聽見兒子的叫聲,甘地轉過頭,她的眼神不似河水那般清澈,但更比波盪的河水多了一分柔和,她的笑容不似陽光下盛開的花朵那般燦爛,但更比花朵綻放之後多了一分包容。
鎮子上的人均生活水平並不高,自安格斯知事之日起,他的記憶中母親常常跟着父親奔波,爲了生計打拼,安格斯認爲她爲的就是每次回家能讓兒子喫上可口的野果。安格斯的母親並沒有河水掩映中那樣富有神話般的色彩,但她眼角細微的魚尾紋有神話難以描述的平凡,因爲她的形象詮釋出了包含一切平凡的美。她的藍色衣服並不顯得華貴,看上面斑駁的褶皺痕跡,顯然是清洗過很多次了,但任何一個看見此時的她,也會覺得她無須再用那些絢麗多彩的飾物去裝點,真要形容她是一朵花,那她也是在樸實中綻放,在簡單中出衆。
“安格斯。”甘地提着兩個竹筒走到安格斯的身邊,她的步伐沒有貓的優雅,卻有勝於貓的矯健,短裙下的大腿上勻稱的肌肉在行走中展現了出來,小腿肚上還有捕獵時,與獵物搏鬥留下的齒痕。
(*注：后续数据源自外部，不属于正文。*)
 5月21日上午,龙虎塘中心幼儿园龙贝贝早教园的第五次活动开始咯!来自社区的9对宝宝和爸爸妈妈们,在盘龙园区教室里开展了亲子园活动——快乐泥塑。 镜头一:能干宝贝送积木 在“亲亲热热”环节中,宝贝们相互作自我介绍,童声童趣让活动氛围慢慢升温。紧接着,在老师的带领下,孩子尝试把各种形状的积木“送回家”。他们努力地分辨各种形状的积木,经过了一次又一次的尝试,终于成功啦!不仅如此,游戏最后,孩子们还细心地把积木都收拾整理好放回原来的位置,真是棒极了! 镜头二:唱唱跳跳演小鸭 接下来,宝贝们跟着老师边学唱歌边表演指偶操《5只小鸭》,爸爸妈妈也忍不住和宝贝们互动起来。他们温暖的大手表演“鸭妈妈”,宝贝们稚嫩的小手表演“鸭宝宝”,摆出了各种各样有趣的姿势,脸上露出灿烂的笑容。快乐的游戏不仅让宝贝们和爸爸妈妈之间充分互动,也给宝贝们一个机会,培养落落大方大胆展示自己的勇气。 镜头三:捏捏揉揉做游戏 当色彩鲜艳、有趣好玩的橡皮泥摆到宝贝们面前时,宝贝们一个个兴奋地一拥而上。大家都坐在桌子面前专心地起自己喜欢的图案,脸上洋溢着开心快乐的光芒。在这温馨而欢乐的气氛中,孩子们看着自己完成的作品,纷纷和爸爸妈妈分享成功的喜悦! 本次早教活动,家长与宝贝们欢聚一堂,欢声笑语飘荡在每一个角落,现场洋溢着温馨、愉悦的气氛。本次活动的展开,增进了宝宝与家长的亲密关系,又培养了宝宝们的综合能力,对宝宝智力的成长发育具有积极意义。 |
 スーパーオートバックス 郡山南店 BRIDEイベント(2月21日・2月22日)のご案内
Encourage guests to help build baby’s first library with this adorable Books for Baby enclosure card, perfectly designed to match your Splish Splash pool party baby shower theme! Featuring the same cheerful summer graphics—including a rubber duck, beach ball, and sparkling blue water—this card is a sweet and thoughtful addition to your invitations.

一把從母親手裏奪過竹筒,安格斯打開上面的木塞,仰頭大口大口的將水灌下。
甘地拿出一塊毛巾爲安格斯擦拭他臉上的傷痕,安格斯因爲在茅草中逃竄,導致臉頰被劃了很多傷口,紅色線條在他臉上不均勻的分佈着。
“誰叫你來的?”正在烤肉的安德烈問道,他說話的聲音猶如篝火散發出來的灼熱,充滿了火氣。
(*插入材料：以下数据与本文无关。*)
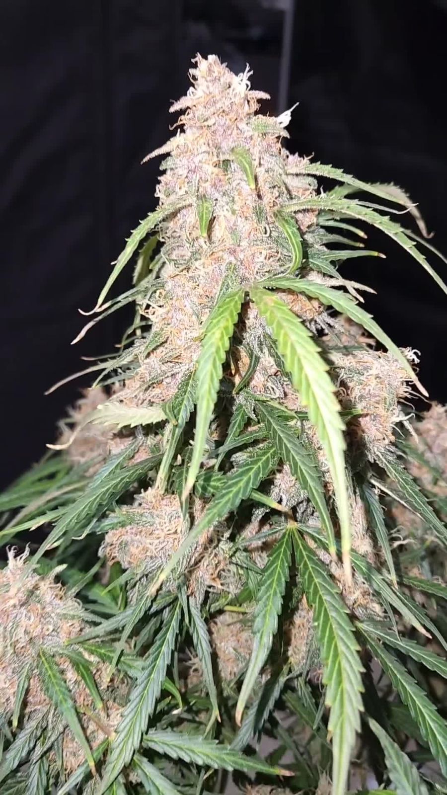 Al momento de la cosecha, los cogollos estarán completamente cubiertos con una gruesa capa de resina y pueden terminar luciendo muchos colores. Puedes esperar cogollos de color verde brillante con tonos a veces rosados, amarillos, púrpuras y rojos en todos los cogollos y el follaje que los rodea dándole ese aspecto pegajoso tan buscado. Los cálices se hinchan bastante, dando a los cogollos un aspecto gordo y puntiagudo, y tan pronto como rompas un cogollo llenarán la habitación con el olor a arándanos dulces recién recogidos que harán que a todos se les haga la boca agua.

安格斯在父母面前並不像對待其他長輩那樣有禮貌,只是整個人看上去完全放了開來,因爲這是他最親的人。
“安留席,我要甘藍草。”這次的藥草喫下至少可以讓自己的實力漲一大截,安格斯喝飽了水,迫不及待的道。
安德烈來到奧紛里斯鎮,之所以能紮下腳跟,這也全靠安格斯的母親,因爲他母親的姓氏給了他的父親,這纔得到鎮子上的人初步認可,在後來的多年裏,安德烈多次爲鎮子做出貢獻,方纔變得像現在這樣有頭有臉,並得到鎮子上的人的尊崇。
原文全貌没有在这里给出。